А потом — и снова время промелькнуло незаметно — Раймонд мог уже сам одеваться, и открывать бабушке дверь, и расшнуровывать ботинки на ее усталых ногах, и нежным голоском разговаривать с ней. Ей перепадала случайная работа — время от времени кто-либо из соседей узнавал, что где-нибудь требуется однодневная уборка, или иногда ей приходилось заменять свою больную подругу, но такое случалось редко и рассчитывать на это не приходилось. Она пошла к тем леди, у которых когда-то работала, спросить, не возьмут ли ее обратно; но после первого же посещения одной из них она потеряла почти всякую надежду. «Ну, знаете, это уж слишком, — говорили леди, — это уж действительно слишком!»

Соседи в комнате напротив приглядывали за Раймондом, когда Большая Ленни уходила искать работу. Он не причинял много хлопот ни им, ни самому себе. Сидя за своим любимым занятием, он мурлыкал себе под нос. Ему дали деревянную катушку, на шляпке которой были вбиты булавки; выпрямленной шпилькой он наматывал на булавки яркую пряжу, работая так проворно, что глаз не успевал за ним следить, до тех пор, пока через отверстие катушки не падала целая трубка сотканной пряжи. Соседи продевали ему нитки в большие тупые иглы, и он сплетал шерстяные трубки и сшивал из них коврики. Большая Ленни говорила, что они очень красивы, а когда она рассказывала ему, как быстро их раскупают, Раймонд весь сиял от гордости. Ей было нелегко по ночам, когда он спал, распарывать коврики, стирать шерсть и растягивать ее так, чтобы даже чувствительные пальцы Раймонда на другой день, когда он принимался за работу, не могли обнаружить, что шерсть не новая.

Страх терзал душу Большой Ленни, не давая ей покоя ни днем, ни ночью. Она не могла обратиться ни в какую благотворительную организацию, боясь, что Раймонда заберут у нее и поместят… — она не могла даже произнести это слово, и она и соседи понижали голос, когда говорили об этом между собой, — в приют. Соседи без конца рассказывали о том, что происходит за стенами некоторых опрятных на вид квадратных зданий, расположенных на дымных окраинах, и когда им приходилось проходить мимо этих зданий, ускоряли шаги, так, словно шли через кладбище, и домой приходили, чувствуя себя героями.

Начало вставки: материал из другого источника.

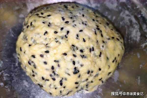 2、将芝麻搅匀,上手揉成一个光滑的面团,能达到面光、盆光、手光的状态就行,盖一层保鲜膜,饧面10分钟。
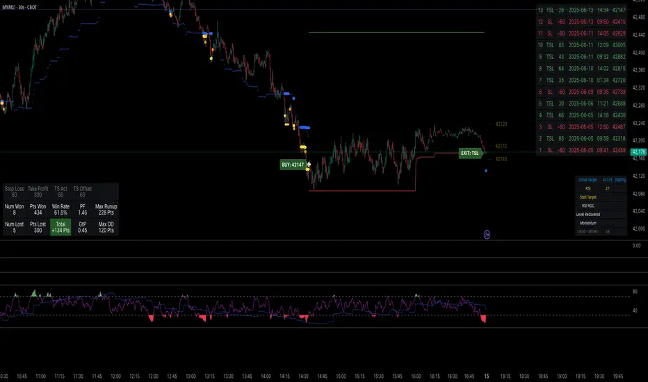 1. Summary Table: Displays overall performance metrics for the indicator over the chart's loaded timeframe and history
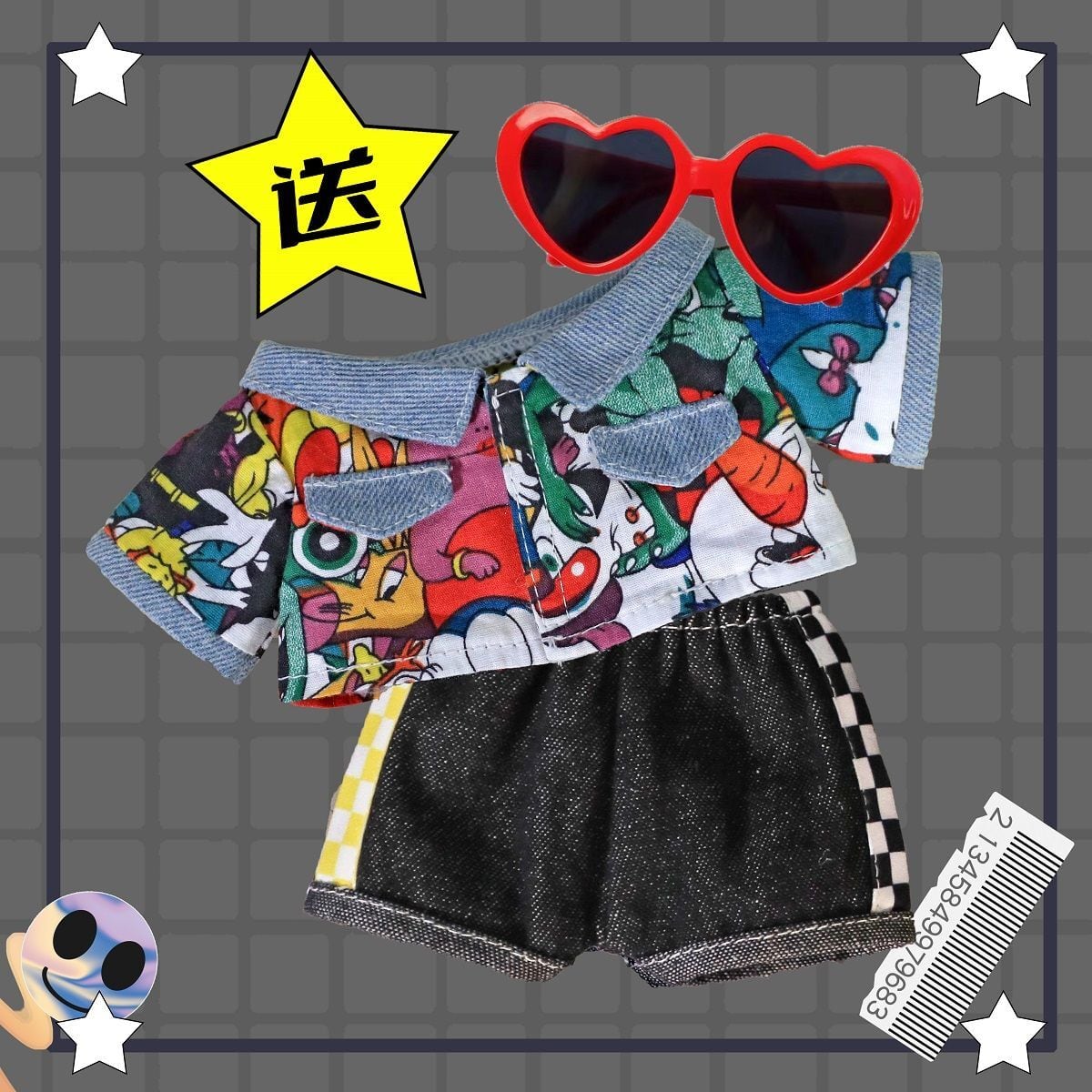 3点セット 20cm 着せ替えぬいぐるみ用服 シャツ ジーンズ メガネコスチューム 着せ替え人形洋服 人形服 ミニ洋服 綿人形衣装 ドールウェア アクセサリー
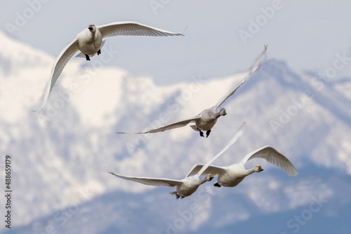 © cat_smile, Obraz premium 山並みを背景に飛翔する白鳥
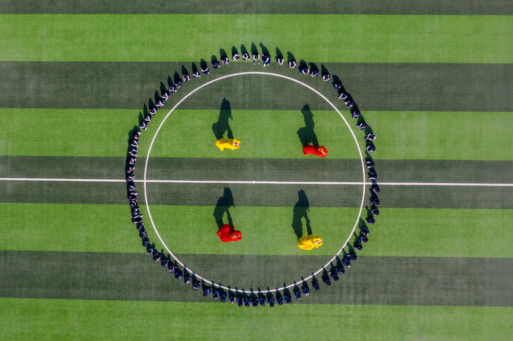 2月14日,山東省淄博科技學(xué)校龍獅社團的學(xué)生在操場上進行舞獅演練(無人機照片)。新華社發(fā)(張維堂攝)
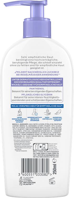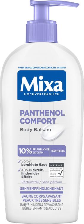 Mixa Panthenol Comfort Body Balm er det ideelle plejeprodukt til følsom hud og hud med tendens til neurodermatitis. Den er specielt udviklet til at lindre kløe og berolige irriteret hud. Med en unik formel, der er rig på regenererende panthenol og fugtgivende vegetabilsk glycerin, giver balsamen intensiv fugt og styrker hudens beskyttende barriere. Den yderst kompatible lotion er parfumefri og er endda velegnet til babyers følsomme hud. Takket være certificeringen fra European Center for Allergy Research Foundation kan du være sikker på, at din hud er optimalt beskyttet og plejet.
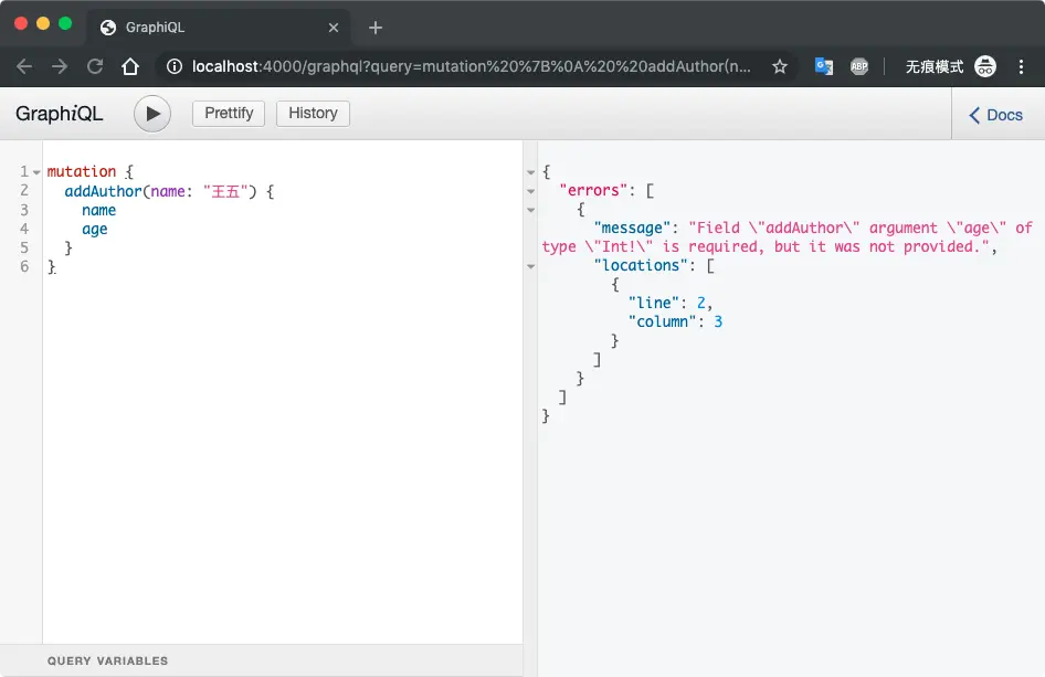age: { type: new GraphQLNonNull(GraphQLInt) } // 判断非空
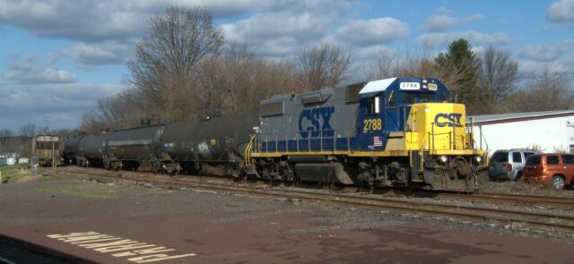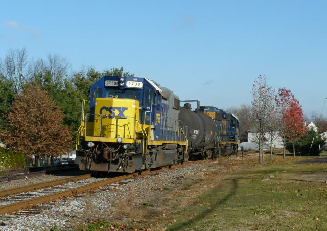 | CSX B738 pulls into Telford with GP38-2S 6237, GP38-2 2788 and an empty tank car as a spacer. Thanks to evergreens and some late falling leaves, there is still a little color left. |

Стоит им засадить человека в один из таких домов, шептали друг другу соседи, они раздевают его и начинают бить плеткой по спине, пока мясо не повиснет кусками, а потом, когда человек падает, они проламывают ему череп.

Если бы кто-нибудь вздумал прийти в комнату Большой Ленни, чтобы забрать Раймонда в приют для слепых, соседи встретили бы его камнями и палками, облили бы кипятком.

Раймонд знал в жизни только хорошее. Когда он подрос настолько, что сам мог спускаться вниз по лестнице и выходить на улицу, каждый день стал для него сплошным праздником. Он выходил в маленький двор перед ветхим деревянным домиком, высоко поднимал голову и медленно поворачивал лицо направо и налево, словно омывая его прохладной влагой чистого воздуха. Грузовики и телеги не громыхали по их уличке — она кончалась тупиком, служившим свалкой для ржавых пружинных матрасов, дырявых котлов и прохудившихся чайников. Дети играли на булыжной мостовой, а мужчины и женщины сидели и болтали у открытых окон, окликая друг друга веселыми звучными голосами. Раймонд всегда слышал вокруг себя смех и тоже смеялся в ответ, протягивая навстречу голосам ручонки.